When the Women’s marathon gets underway at this year’s World Athletic Championships in South Korea, Australia’s best distance runner won’t be there.
Instead, Lisa Weightman will be in Melbourne, curled up on the couch with her husband Lachlan closely eyeing the form of her competitors.
Though qualified, Weightman’s decision not to run this year in Daegu says a lot about how far she’s come as an athlete and how much she appreciates her body and its limitations.
To understand Weightman’s ascension to the top of Australian distance running is impossible without noting the veritable laundry list of injuries she’s overcome throughout her career. Seven stress fractures in nine years, countless hamstring strains, a severe stomach upset which landed her in hospital and more recently osteitis pubis, have at various stages held Weightman back. However, had it not been for those challenges, she may never have become the runner she is today.
‘Being injured has taught me two basic things; patience and balance. Patience because with injury you have to wait and recover before you can run again and be doing what you love. Balance because injury breaks have given me the time to develop my professional career and spend more time with my family who are very special to me.”
Her maturity as a runner underpins Weightman’s decision to forgo the expected sweltering conditions of South Korea, which will bear no resemblance to what’s predicted for the London Olympics next year – conditions Weightman knows only too well after competing at the Delhi Commonwealth Games last October where she won bronze in a punishing marathon.
‘Following Delhi I was just exhausted.
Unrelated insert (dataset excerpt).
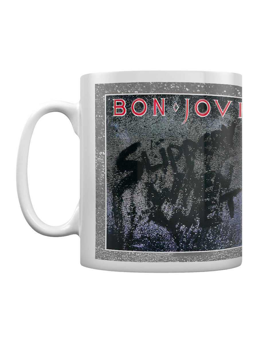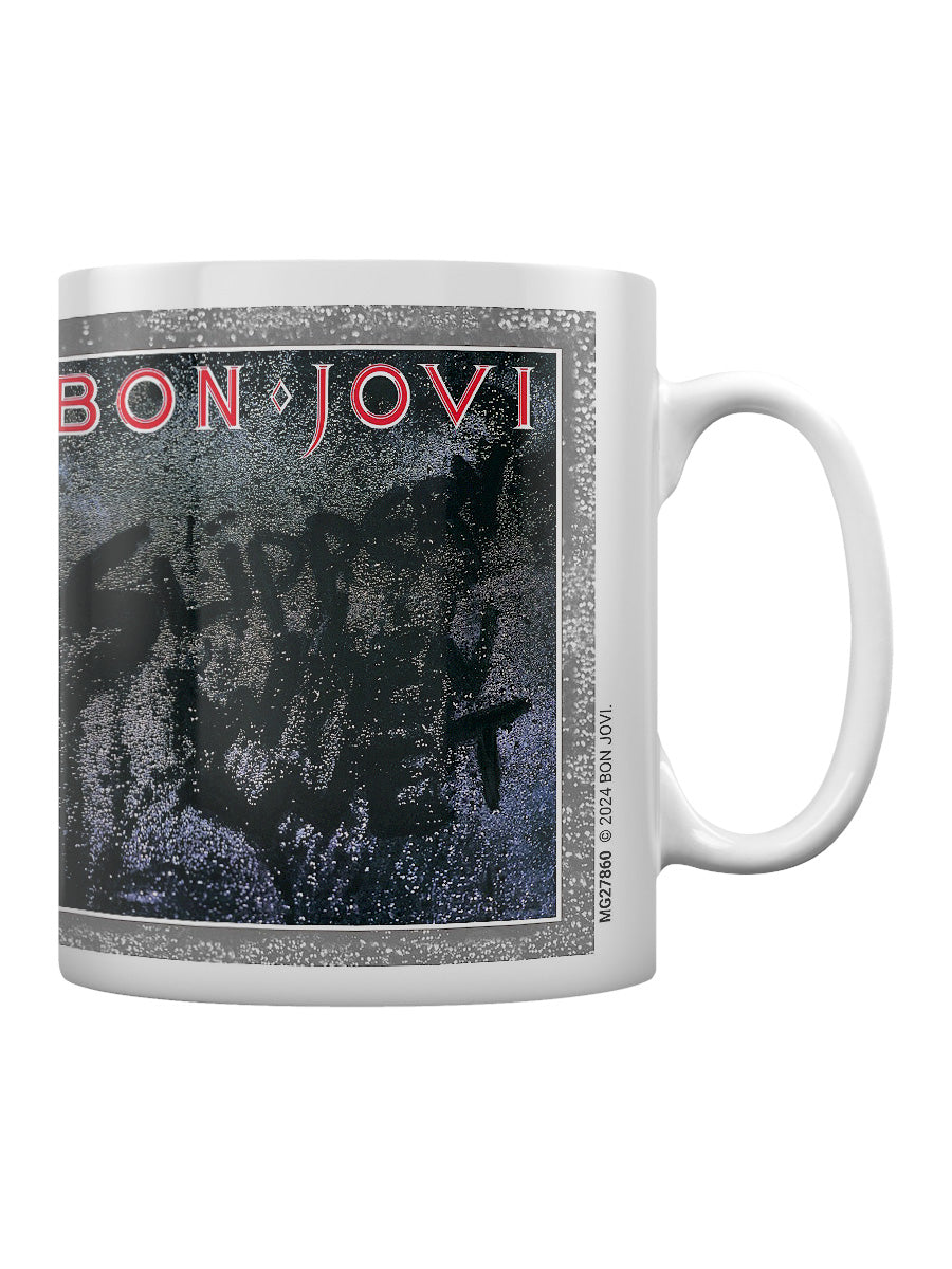 Rock your coffee breaks with a little help from Bon Jovi. Celebrating the iconic album 'Slippery When Wet', this mug is a must-have for fans who live on a prayer and love timeless rock anthems. Official merch.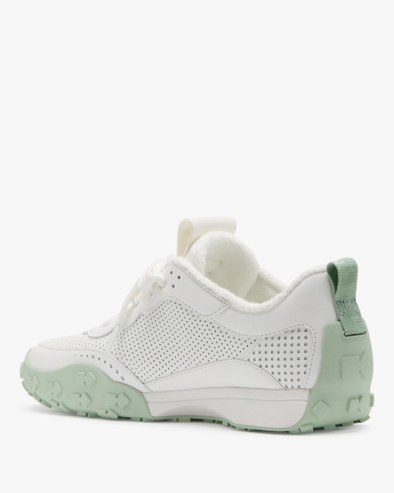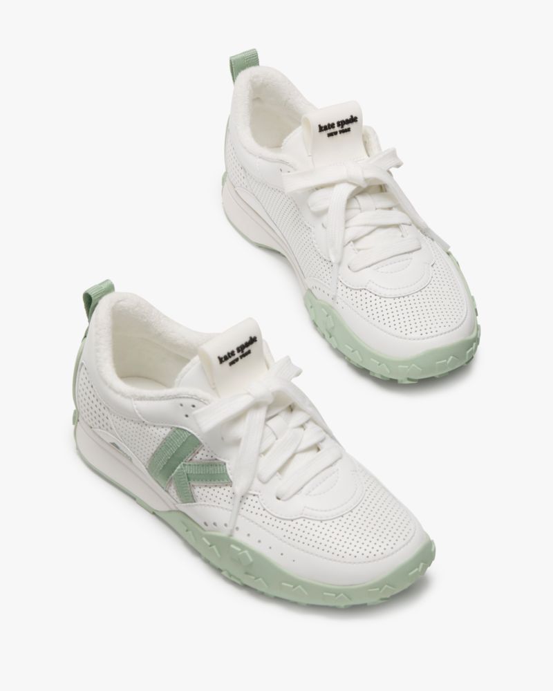 Statement shoes are always a yes. Our latest pair of designer sneakers are made from mesh-trimmed perforated leather with our signature K logo. These women's sneakers are comfortable, durable *and* stylish: no wonder they’re everyone’s favorite! Our K as in Kate Sneakers feature soft, cushioned soles so you can walk anywhere and everywhere. They complement casual, everyday looks and add a sporty chic vibe to your dressier looks, too. With so many colors and prints to choose from, there's a perfect pair for everyone—white sneakers, color-blocked sneakers, dress sneakers with a fun pop of print...

The marathon was run in thirty two degree heat in the most gruelling conditions imaginable. We flew home the next day and I remember walking through the airport, barely able to support myself. My knee just buckled at one point……I was a bit of a mess.’
Upon returning to Melbourne Weightman immediately resumed her full time role as a business consultant for IBM as well as moving apartments. All the while sporting a strained quad she’d picked up in Cairns in preparation for the Commonwealth Games. The strain on her body from the Games experience contributed to a restricted training program through to Christmas.
‘We only moved from one apartment in the Northern Suburbs to another yet the experience was surprisingly quite an effort. It was a frustrating time as on the one hand I was over the moon to have won bronze in Delhi, however my body simply wasn’t allowing me to get back to doing what I wanted it to.’
Weightman initially burst onto the marathon scene with her debut appearance at the distance at the London Marathon in 2008. She not only finished 13th but posted a time (to the very second) equal to the best Australian debut set by Lisa Ondieki in 1983. Weightman’s time also qualified her for the Beijing Olympics where in only her second marathon she came in 33rd.
‘Competing in Beijing was so surreal. To have made my first Olympic Games after my debut in London was so unbelievable. I also think the Olympics prepared me well for what I expected in Delhi. I’m hoping that experience helps me get to the finish line in London in a much better position.’
Weightman’s performance in Beijing certainly raised her reputation in the athletics world, but it was what she achieved over the following two years which solidified her status as an elite runner.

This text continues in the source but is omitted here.